- **PROBLEM TO SOLVE**
Without including any images, repeat the data exactly.

- **STORED DATA**
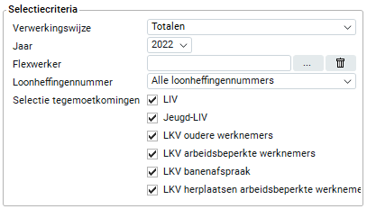 De LIV is vanaf het loonjaar 2017 te selecteren. De overige opties zijn beschikbaar vanaf het loonjaar 2018.
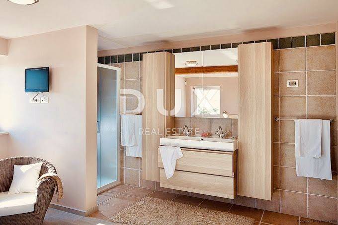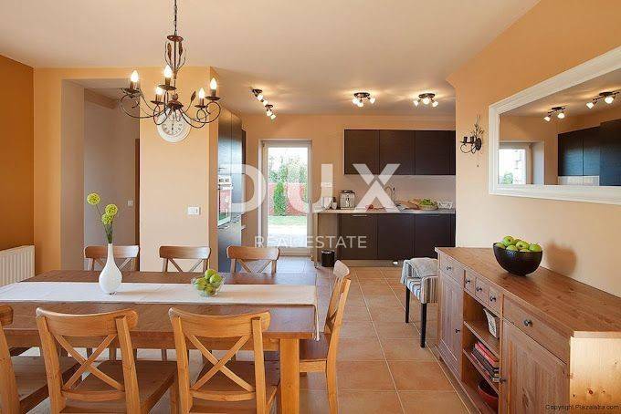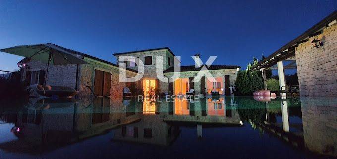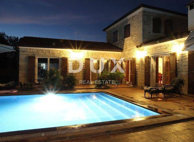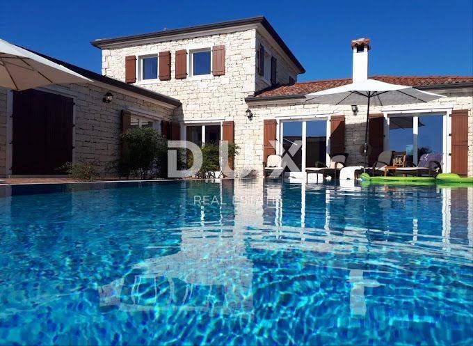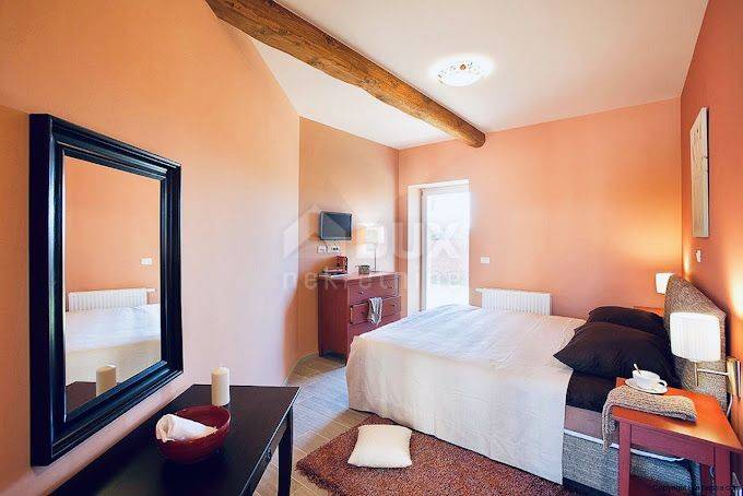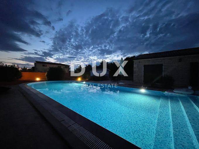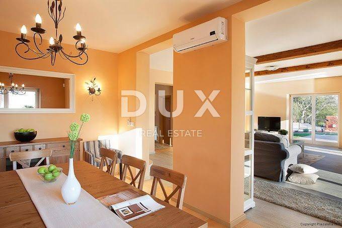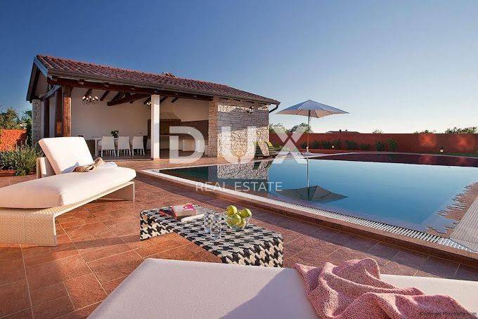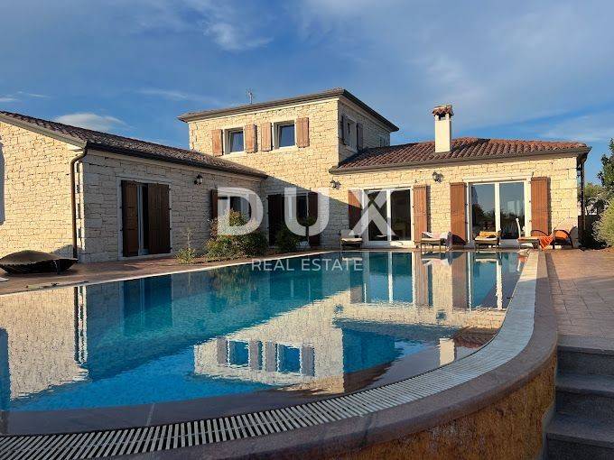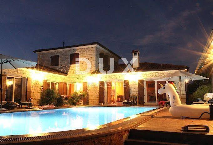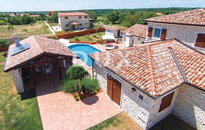 The Renaissance town of Svetvinčenat is one of the Istrian gems with a rich tourist offer and numerous events that take place in the exceptionally attractive historical areas of this town. Savičenat is adorned with the Renaissance square "Placa" with the Morosini-Grimani castle, the symbol of the town itself and one of the most important fortresses of the Venetian army of that time in Istria. An important part of the cultural heritage of Svetvinčenat are the preserved and extremely valued remains of wall frescoes that are located in the church of St. Vincent near the town cemetery and in the church of St. Catherine. This special town with a rich tradition, its interesting and diverse programs, the most prominent of which are the Medieval Festival, the Cheese Festival and the Festival of Dance and Non-Verbal Theater, attracts numerous visitors every year. This luxurious villa is located in a quiet small town near Svetvinčenat, almost secluded since it is surrounded by only two holiday homes and nature and greenery. It is located in the immediate vicinity of the tourist centers of Istria. The villa is located on a plot of 1702m2, of which 1367m2 belongs to the garden, while the rest of the land is occupied by the villa, swimming pool, auxiliary building with bathroom and enough space for parking. The villa itself consists of an open space area where there is a kitchen, dining room and living room with fireplace and access to the terrace, sundeck, swimming pool and summer kitchen. On the ground floor of the house there are two bedrooms, a guest toilet and two bathrooms, while on the first floor there is another bedroom and bathroom. The house is heated via underfloor heating, while cooling is provided by five air conditioners. This villa is in a successful tourist rental and as such, it is a secure return on investment, while due to the luxury and privacy it offers, it could be someone's dream home or a dream vacation oasis.
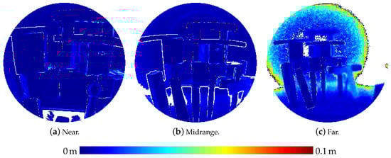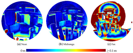 Table 3 presents the results of the evaluation of the three-dimensional scene depicted in Figure 5. The results are also visualized in Figure 9 as depth images, while Figure 10 visualizes the noise and Figure 11 the accuracy of the range measurements evaluated against TLS ground truth data for all three distances the scene was captured from by the HoloLens range sensor (near, midrange and far). Furthermore, Figure 12 visualizes the accuracy of the HoloLens triangle mesh of the same scene evaluated against the TLS ground truth data.

- **ANSWER FOR THIS EXERCISE**
 De LIV is vanaf het loonjaar 2017 te selecteren. De overige opties zijn beschikbaar vanaf het loonjaar 2018.
 The Renaissance town of Svetvinčenat is one of the Istrian gems with a rich tourist offer and numerous events that take place in the exceptionally attractive historical areas of this town. Savičenat is adorned with the Renaissance square "Placa" with the Morosini-Grimani castle, the symbol of the town itself and one of the most important fortresses of the Venetian army of that time in Istria. An important part of the cultural heritage of Svetvinčenat are the preserved and extremely valued remains of wall frescoes that are located in the church of St. Vincent near the town cemetery and in the church of St. Catherine. This special town with a rich tradition, its interesting and diverse programs, the most prominent of which are the Medieval Festival, the Cheese Festival and the Festival of Dance and Non-Verbal Theater, attracts numerous visitors every year. This luxurious villa is located in a quiet small town near Svetvinčenat, almost secluded since it is surrounded by only two holiday homes and nature and greenery. It is located in the immediate vicinity of the tourist centers of Istria. The villa is located on a plot of 1702m2, of which 1367m2 belongs to the garden, while the rest of the land is occupied by the villa, swimming pool, auxiliary building with bathroom and enough space for parking. The villa itself consists of an open space area where there is a kitchen, dining room and living room with fireplace and access to the terrace, sundeck, swimming pool and summer kitchen. On the ground floor of the house there are two bedrooms, a guest toilet and two bathrooms, while on the first floor there is another bedroom and bathroom. The house is heated via underfloor heating, while cooling is provided by five air conditioners. This villa is in a successful tourist rental and as such, it is a secure return on investment, while due to the luxury and privacy it offers, it could be someone's dream home or a dream vacation oasis.
 Table 3 presents the results of the evaluation of the three-dimensional scene depicted in Figure 5. The results are also visualized in Figure 9 as depth images, while Figure 10 visualizes the noise and Figure 11 the accuracy of the range measurements evaluated against TLS ground truth data for all three distances the scene was captured from by the HoloLens range sensor (near, midrange and far). Furthermore, Figure 12 visualizes the accuracy of the HoloLens triangle mesh of the same scene evaluated against the TLS ground truth data.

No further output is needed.